I have a 4 ft female Halloween pattern on her way and I am so stoked!

Has anyone kept these before? If so please share your stories!


----------



## Mime454 (Jul 7, 2013)

I had to google them. They're beautiful.


----------



## TheOtherSpecies (Jul 7, 2013)

Yes they are! davedood and I plan to breed them!


----------



## hierodula (Jul 7, 2013)

so cool! if i ever get the chance, i want to get em. I did some research on species when i got my first snake, and watched a few vids on these. It seems many people prefer settining up pvs pipes for the boa to curl up on, and then use the vines and leaves you would otherwise have in the terrarium. But you probably already know that lol.


----------



## TheOtherSpecies (Jul 7, 2013)

hierodula said:


> so cool! if i ever get the chance, i want to get em. I did some research on species when i got my first snake, and watched a few vids on these. It seems many people prefer settining up pvs pipes for the boa to curl up on, and then use the vines and leaves you would otherwise have in the terrarium. But you probably already know that lol.

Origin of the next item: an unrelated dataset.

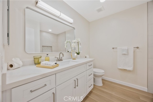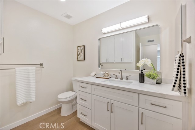 Fully Remodeled Condo in the Heart of Orange! Welcome to this beautifully updated 2-bedroom, 2-bath upstairs unit offering modern comfort and convenience. Step inside to find fresh paint, new LVP flooring, recessed lighting and dual-paned windows throughout. The stunning kitchen features brand-new cabinets, quartz countertops and stainless steel appliances, perfect for the home chef. Both bathrooms have been completely remodeled with porcelain tile, new vanities topped with quartz, updated fixtures and modern finishes. The spacious primary suite includes a walk-in closet, remodeled en-suite bathroom with a walk-in shower, updated vanity, and a linen cabinet for extra storage. Both bedrooms are equipped with ceiling fans and the home now boasts the convenience of inside laundry! Enjoy the benefits of a one-car garage and community pool. Plus a prime location just minutes from freeways, shopping, dining and entertainment - and a short drive to Chapman University, the Orange Plaza, Honda Center, Angel Stadium and Disneyland! Zoned for highly rated schools including Villa Park High School, Cerro Villa Middle School and Fletcher Elementary - dual immersion Mandarin program. Don’t miss your chance to own this move-in-ready gem. Schedule your showing today!

yes but I live in Montana where I can go to the mountains near streams and such to get water cured tree limbs and other sticks for my mantids too!


----------



## TheOtherSpecies (Jul 7, 2013)

Pics coming soon btw!


----------



## agent A (Jul 7, 2013)

I've kept one in my stomach before

jk

these things r cool though


----------



## hierodula (Jul 8, 2013)

0.o alex hahah random  but ya agreed very cool


----------



## Birdman (Jul 8, 2013)

They are fun species to keep but can a little fiesty. Is the one you are getting captive born and raised or an import? If it's an import there could be several issues.


----------



## TheOtherSpecies (Jul 11, 2013)

Birdman said:


> They are fun species to keep but can a little fiesty. Is the one you are getting captive born and raised or an import? If it's an import there could be several issues.


It's captive bred!


----------